Start of Block

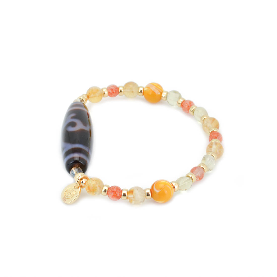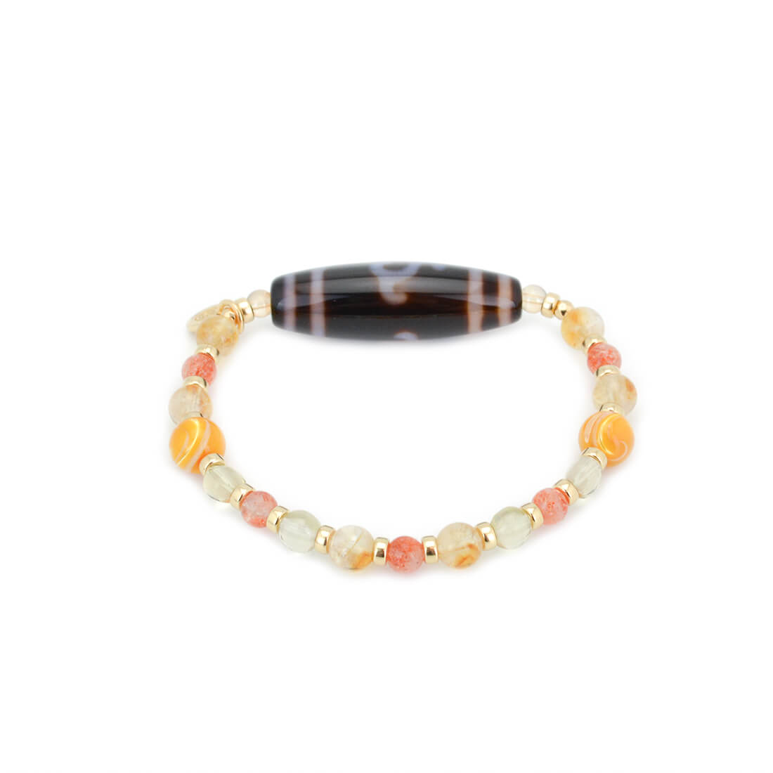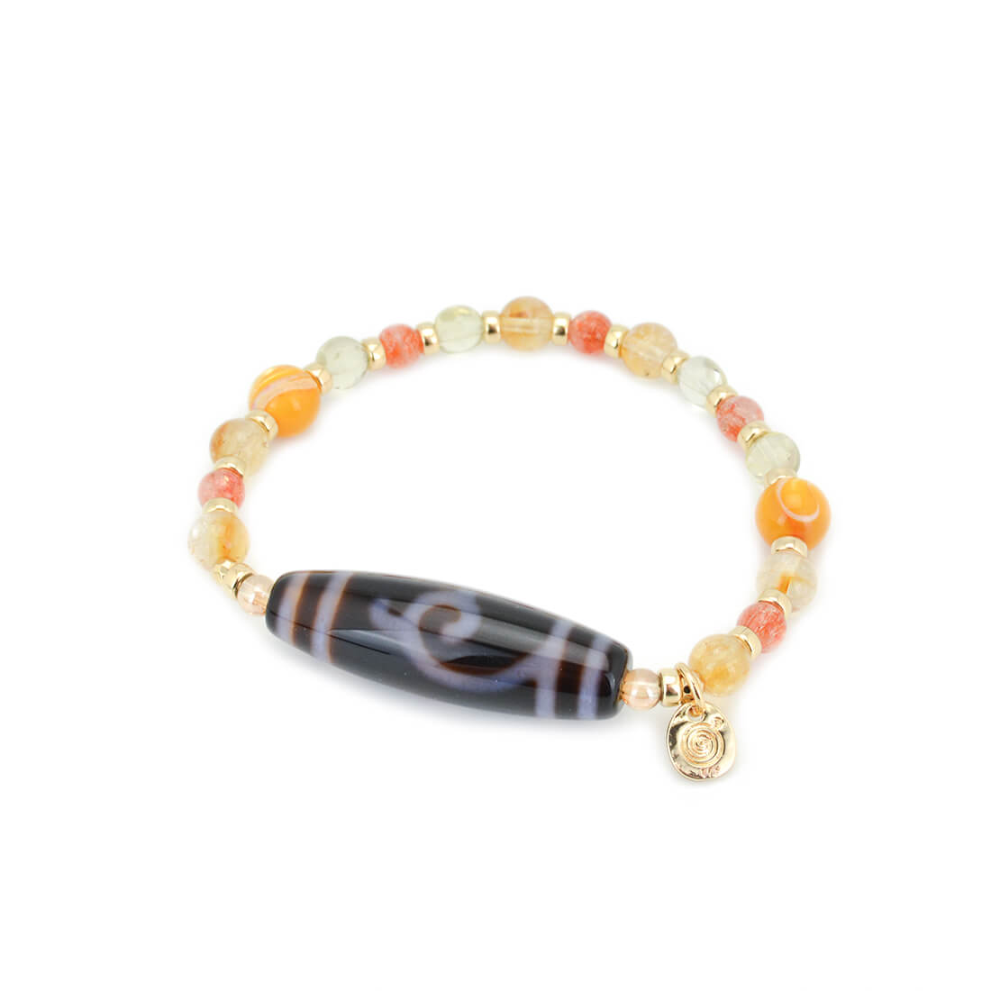 厄難を消除し運気を上げ、福を招き、願いをことごとく叶えてくれる稀少な天珠といわれている緑度母天珠に、太陽を象徴する石とされ、商売繁盛・事業成功・金運・財運・貯蓄運アップによいといわれているシトリンなどを組み合わせたブレスレットです。
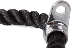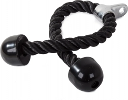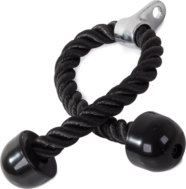 Toto tricepsové lano je vyrobené z husto tkaných nylonových vlákien, čo zaručuje jeho odolnosť a dlhú životnosť. Je navrhnuté pre kulturistické cvičenie paží a brušných svalov, čo z neho robí univerzálny doplnok pre posilňovacie stroje a atlas.
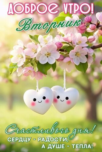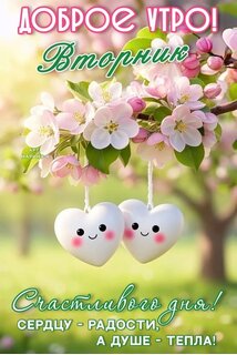 Открытка "ДОБРОЕ УТРО! ВТОРНИК. СЧАСТЛИВОГО ДНЯ! СЕРДЦУ - РАДОСТИ, А ДУШЕ - ТЕПЛА!"
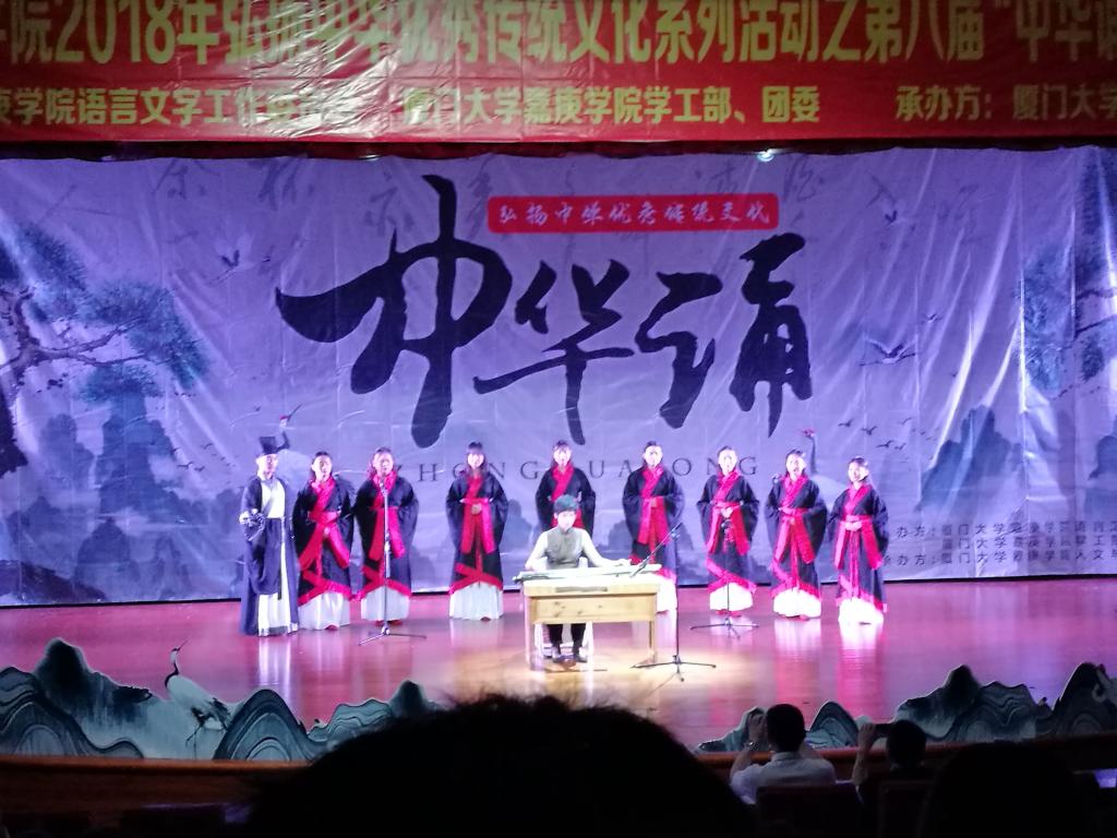 泠音琴社10名社员在古琴教师张艳辉和笛箫教师张为的带领下一同前往厦门大学嘉庚学院参与第八届“中华诵·经典诵读大赛”古琴演出。大赛由厦门大学嘉庚学院语言文字工作委员会、学工部、团委联合主办,人文与传播学院团委承办。龙人古琴研究院副院长、福建省古琴技艺传承人张锦冰受邀参加并参与古琴演奏。
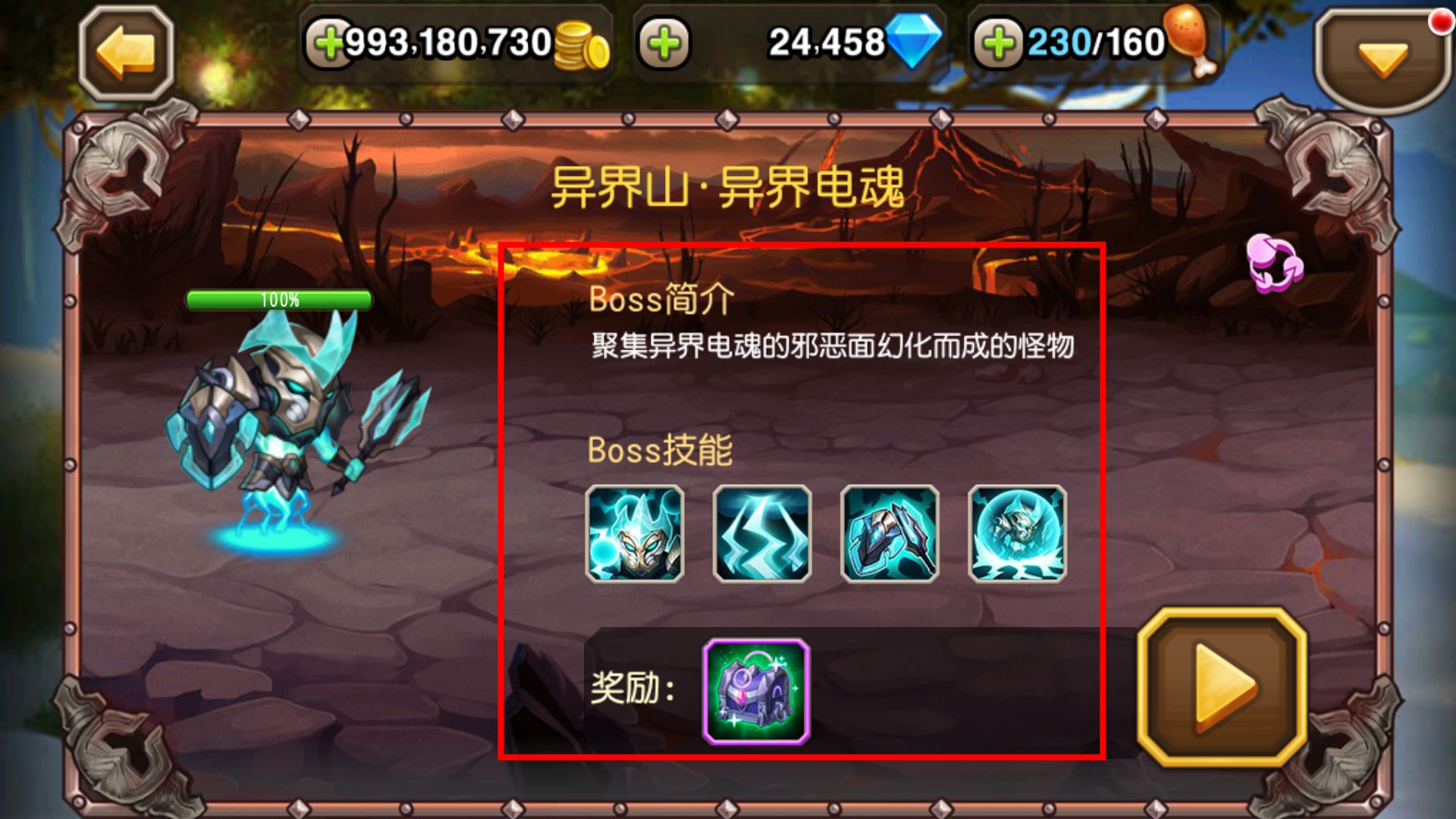 2、Boss为异界电魂邪恶面幻化,有四个技能,建议先查看简介与技能效果,为挑战做足准备。
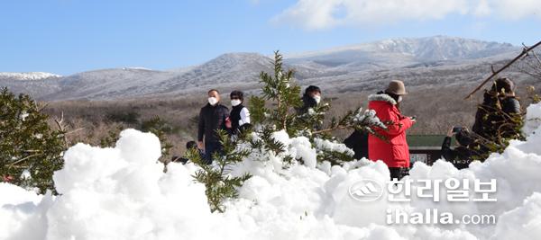 주말인 30일 1100고지를 찾은 관광객들이 한라산 상고대를 배경으로 기념사진을 찍고 있다. 이상국기자
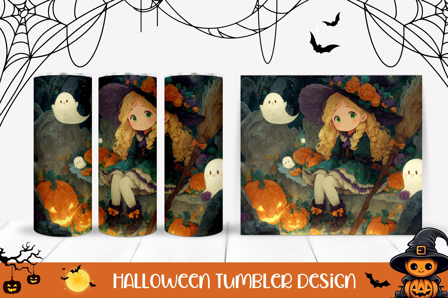 Kawaii Halloween Witch Tumbler, Fall Pumpkins Tumbler example image 1
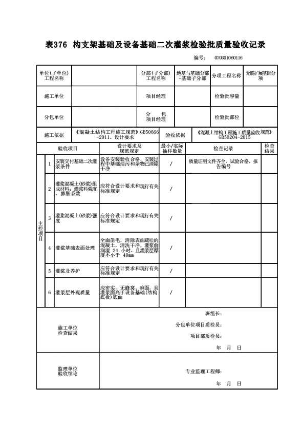 表格名称:070301060116 构支架基础及设备基础二次灌浆检验批质量验收记录
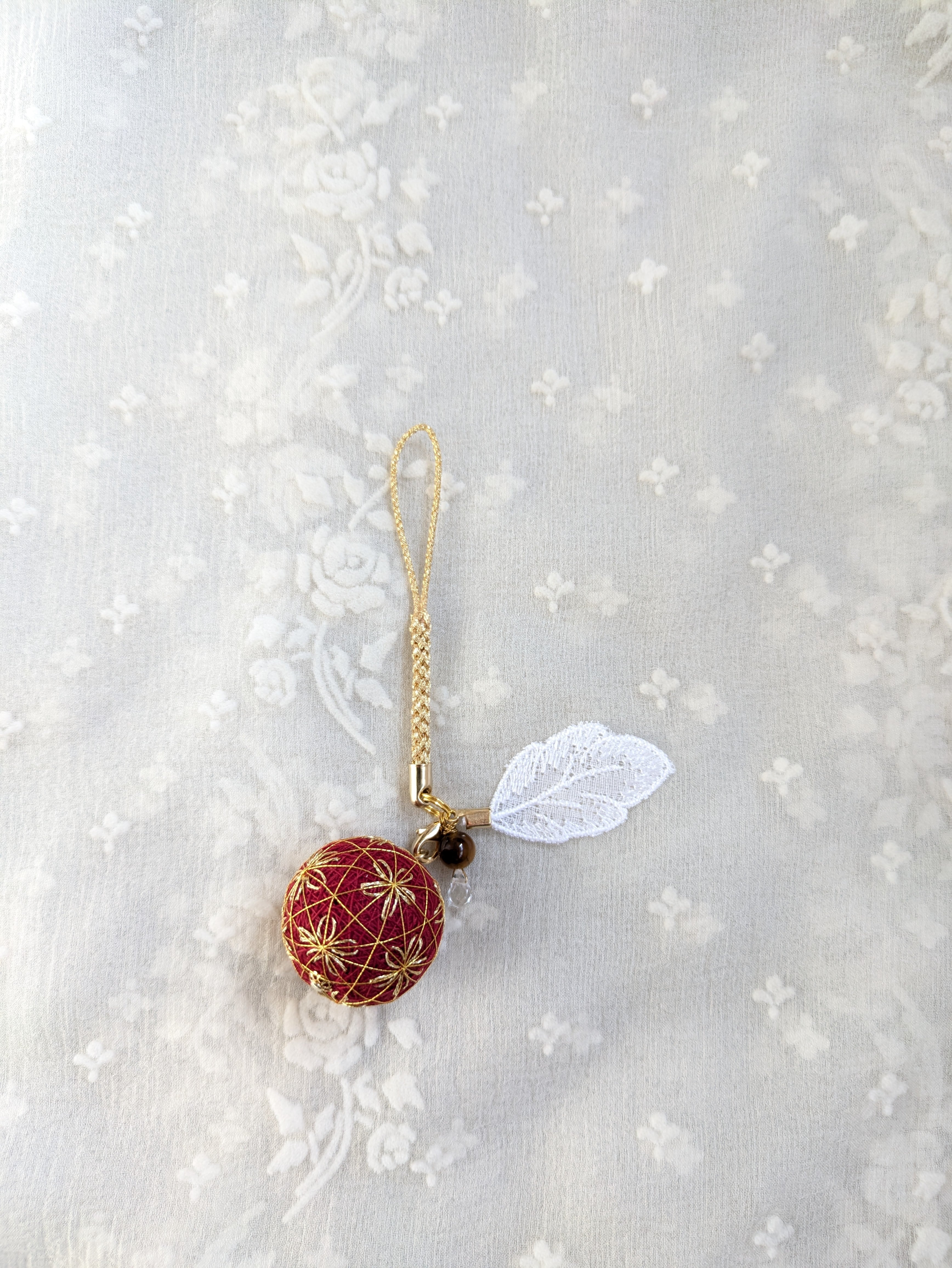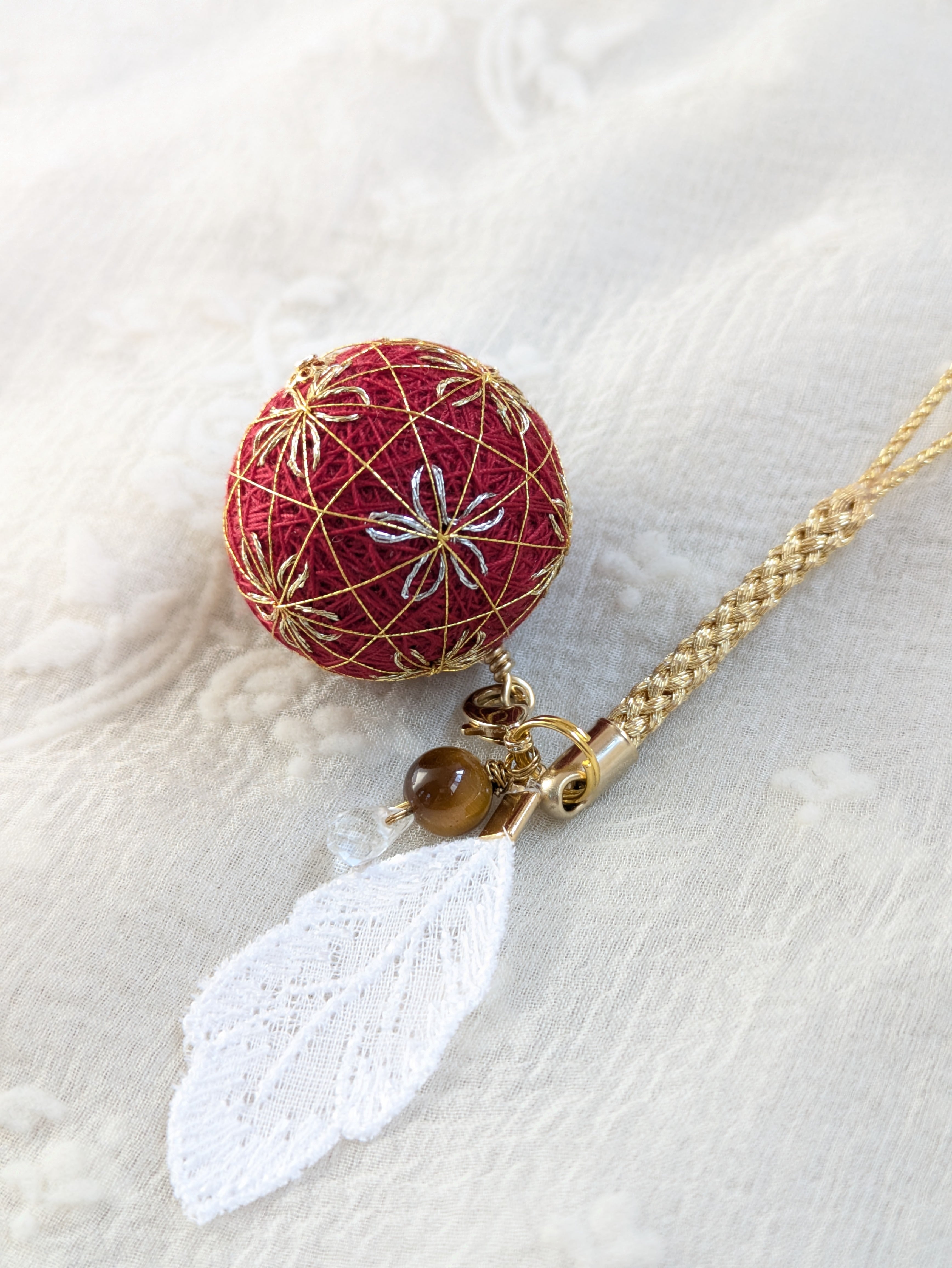花手鞠はカニカンから取り外して、お手持ちのチェーンに通したら、ペンダントトップにもなります。
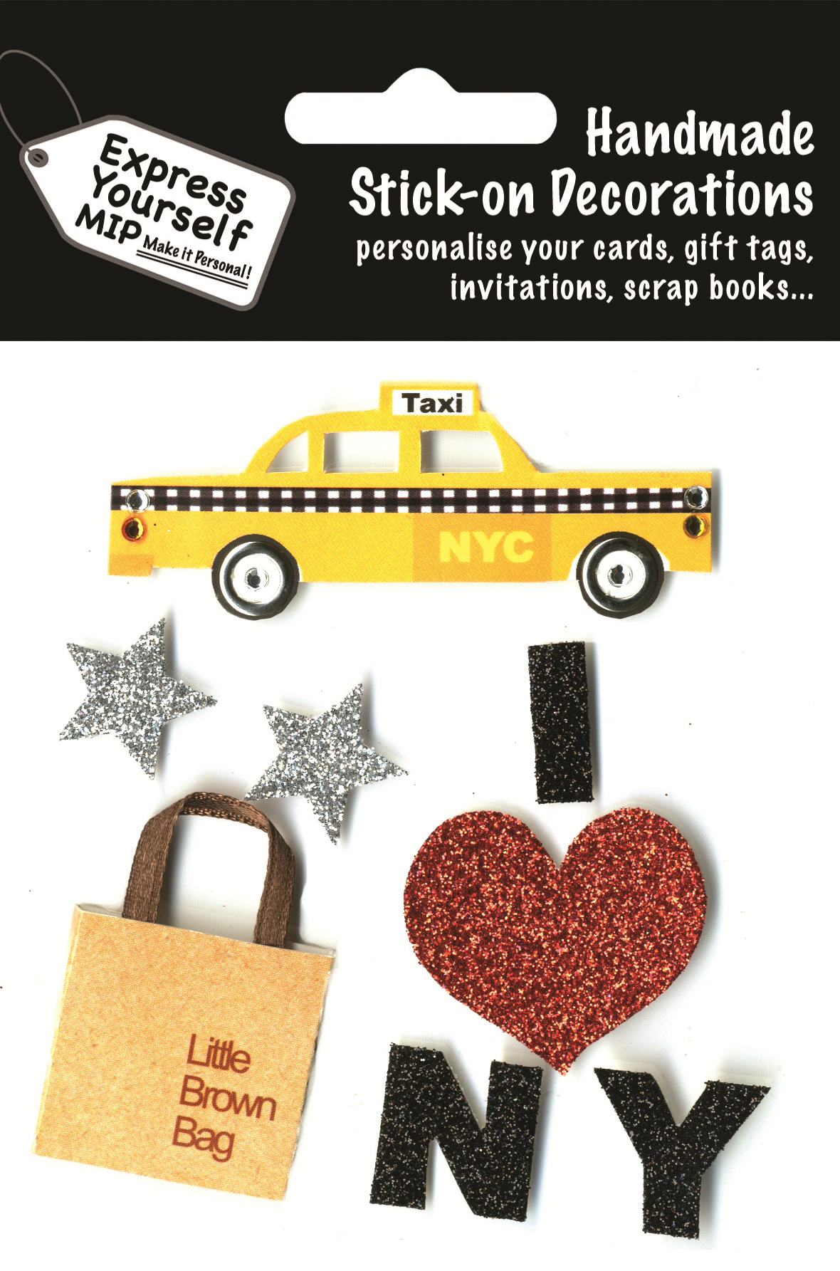 Details: A gorgeous range of glitter finished stick-on adhesive toppers from the popular Express Yourself DIY Range. Toppers are the perfect way to personalise a greeting card and may also be used for invitations, gifts, gift tags, scrap books and much more besides. They are easy to use, they simply stick on.

End of Block

▶ _Task statement_
Retype each of the entries above exactly as it appears, with no pictures.

▶ _Solution to this problem_
 厄難を消除し運気を上げ、福を招き、願いをことごとく叶えてくれる稀少な天珠といわれている緑度母天珠に、太陽を象徴する石とされ、商売繁盛・事業成功・金運・財運・貯蓄運アップによいといわれているシトリンなどを組み合わせたブレスレットです。
 Toto tricepsové lano je vyrobené z husto tkaných nylonových vlákien, čo zaručuje jeho odolnosť a dlhú životnosť. Je navrhnuté pre kulturistické cvičenie paží a brušných svalov, čo z neho robí univerzálny doplnok pre posilňovacie stroje a atlas.
 Открытка "ДОБРОЕ УТРО! ВТОРНИК. СЧАСТЛИВОГО ДНЯ! СЕРДЦУ - РАДОСТИ, А ДУШЕ - ТЕПЛА!"
 泠音琴社10名社员在古琴教师张艳辉和笛箫教师张为的带领下一同前往厦门大学嘉庚学院参与第八届“中华诵·经典诵读大赛”古琴演出。大赛由厦门大学嘉庚学院语言文字工作委员会、学工部、团委联合主办,人文与传播学院团委承办。龙人古琴研究院副院长、福建省古琴技艺传承人张锦冰受邀参加并参与古琴演奏。
 2、Boss为异界电魂邪恶面幻化,有四个技能,建议先查看简介与技能效果,为挑战做足准备。
 주말인 30일 1100고지를 찾은 관광객들이 한라산 상고대를 배경으로 기념사진을 찍고 있다. 이상국기자
 Kawaii Halloween Witch Tumbler, Fall Pumpkins Tumbler example image 1
 表格名称:070301060116 构支架基础及设备基础二次灌浆检验批质量验收记录
花手鞠はカニカンから取り外して、お手持ちのチェーンに通したら、ペンダントトップにもなります。
 Details: A gorgeous range of glitter finished stick-on adhesive toppers from the popular Express Yourself DIY Range. Toppers are the perfect way to personalise a greeting card and may also be used for invitations, gifts, gift tags, scrap books and much more besides. They are easy to use, they simply stick on.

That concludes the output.